### WORK TASK:
Show every line from the entries that follow which holds the word "como".

-- Opening Marker --

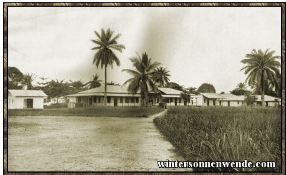
Eingeborenen-Krankenhaus, Duala, Kamerun.

Urwald ein Vordringen fast unmöglich machte, wo Dünen und Sand mit ihren Durststrecken kaum einen Ochsenwagenverkehr gestatteten, da stellten Eisenbahnen einen sicheren und schnellen Verkehr her und ermöglichten in stets wachsendem Maße die wirtschaftliche Erschließung des Innern und die Heranziehung der bis dahin ein abgeschlossenes Sonderleben führenden Völker des Binnenlandes zu dem kolonialen Kulturwerk.
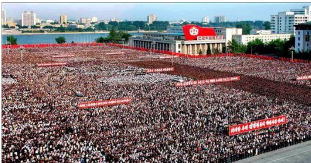
Imagen de la manifestación espontánea de ciudadanos norcoreanos en apoyo del Promotor de la Acción Disciplinaria

Regímenes totalitarios de todo el mundo han mostrado su apoyo al CGPJ y al Promotor de la Acción Disciplinaria en el asunto de las diligencias secretas. Altos mandatarios de Corea del Norte, Cuba, Irán y China han lamentado el acoso al que se está sometiendo a la institución española y han defendido su actuación alegando que el expediente secreto es el único medio que garantiza que el interesado no se entere, y facilita la acumulación de pruebas contra el mismo.
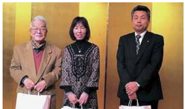
ニコニコ大賞受賞者
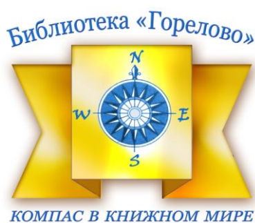
Библиотека № 4
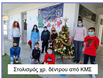
Στολισμός χρ. δέντρου από ΚΜΣ
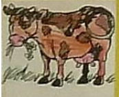
La vache, c'est / veau
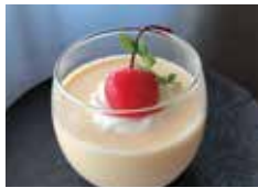
はいからさんプリン
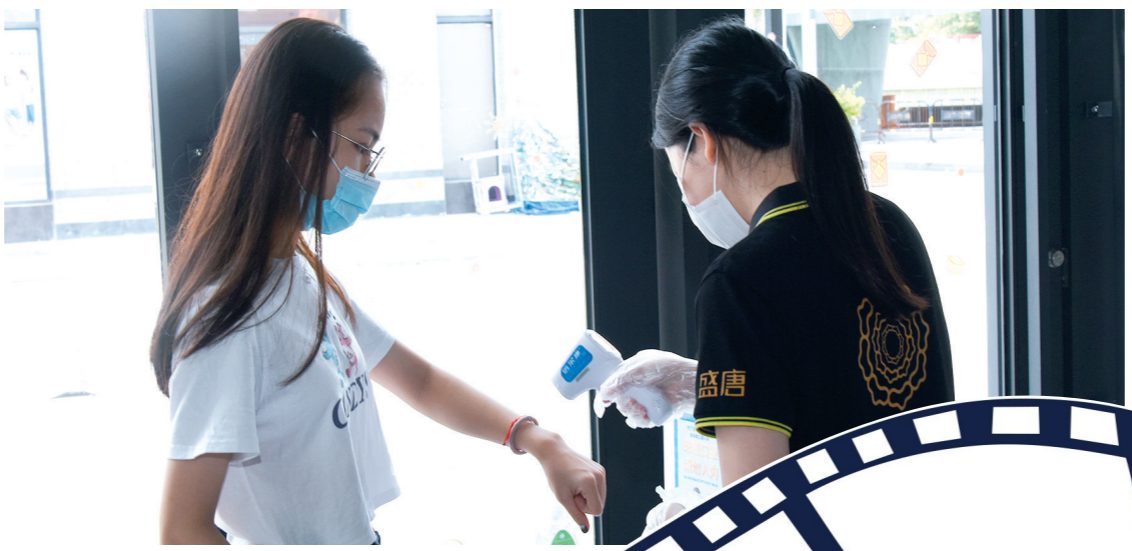
7月20日下午,在三亚乐天成盛唐时代国际影城入口,工作人员给进入影城的影迷测量体温。
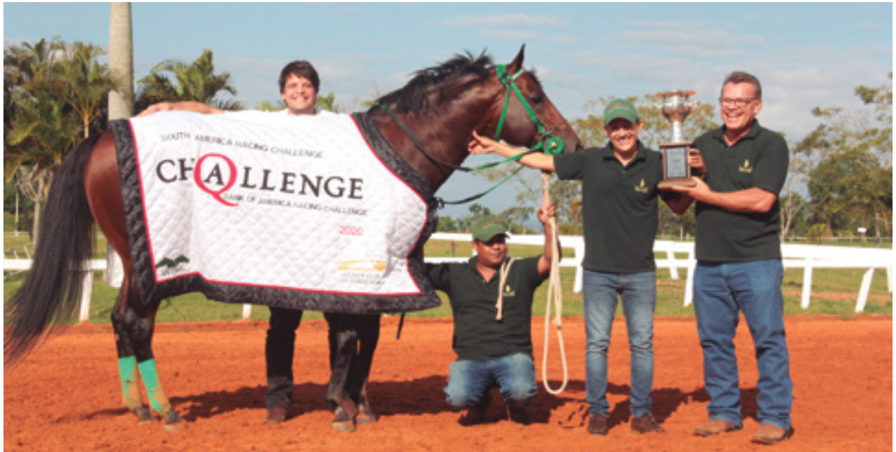
Comemoração na vitória de YANKEE VERDE no Challenge 2020, que teve ainda ZION VERDE como vice-campeão

TODOS OS ANIMAIS LEILÃO VISTA VERDE E AMIGOS ESTÃO INSCRITOS PARA CORRER O CHALLENGE
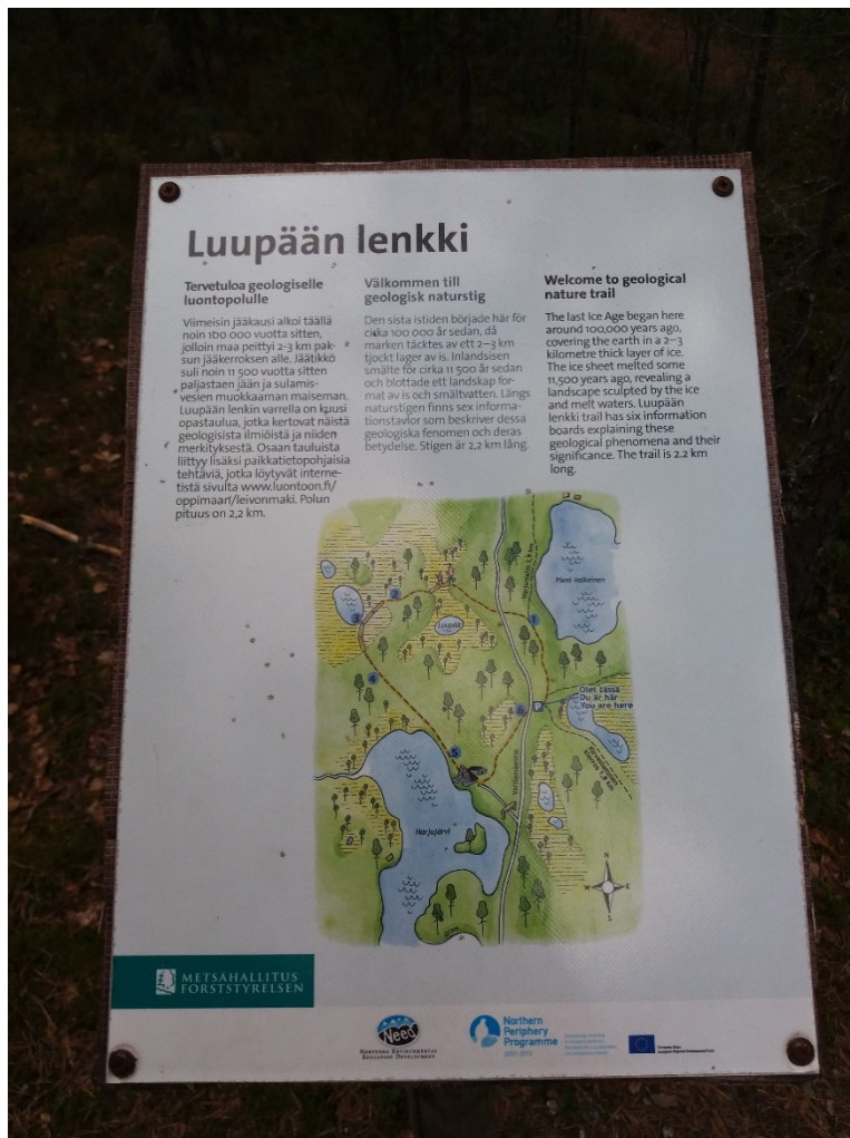
Kuva 2 Geologisen luontopolun taulu

varsinkin jyvaskyläläisten päiväretkikohteena. Kesäaikoina lähin julkisen liikenteen linja-autopysäkki on 12 kilometrin päässä Leivonmäellä. Tämän lisäksi koululaisten loma-aikoja luukun ottamatta koulukyyditykset pysähtyvät tarvittaessa Kivimäen pysäkillä. Bussiaikataulut löytyvät Matkahuollon sivuilta.
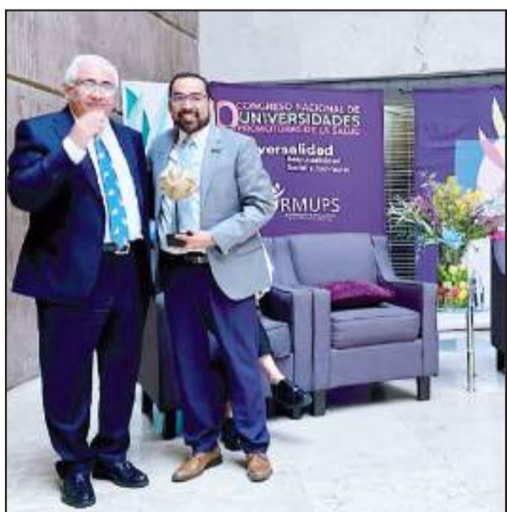
TIJUANA.- Buscan que más planteles se certifiquen como Universidades Promotoras de la Salud.

Manifestó que los exámenes de control y confianza deben ser de un año, y quien resulte reprobado, de manera inmediata ser expulsado de la corporación.

-- Closing Marker --

### EXERCISE SOLUTION:
Comemoração na vitória de YANKEE VERDE no Challenge 2020, que teve ainda ZION VERDE como vice-campeão
TIJUANA.- Buscan que más planteles se certifiquen como Universidades Promotoras de la Salud.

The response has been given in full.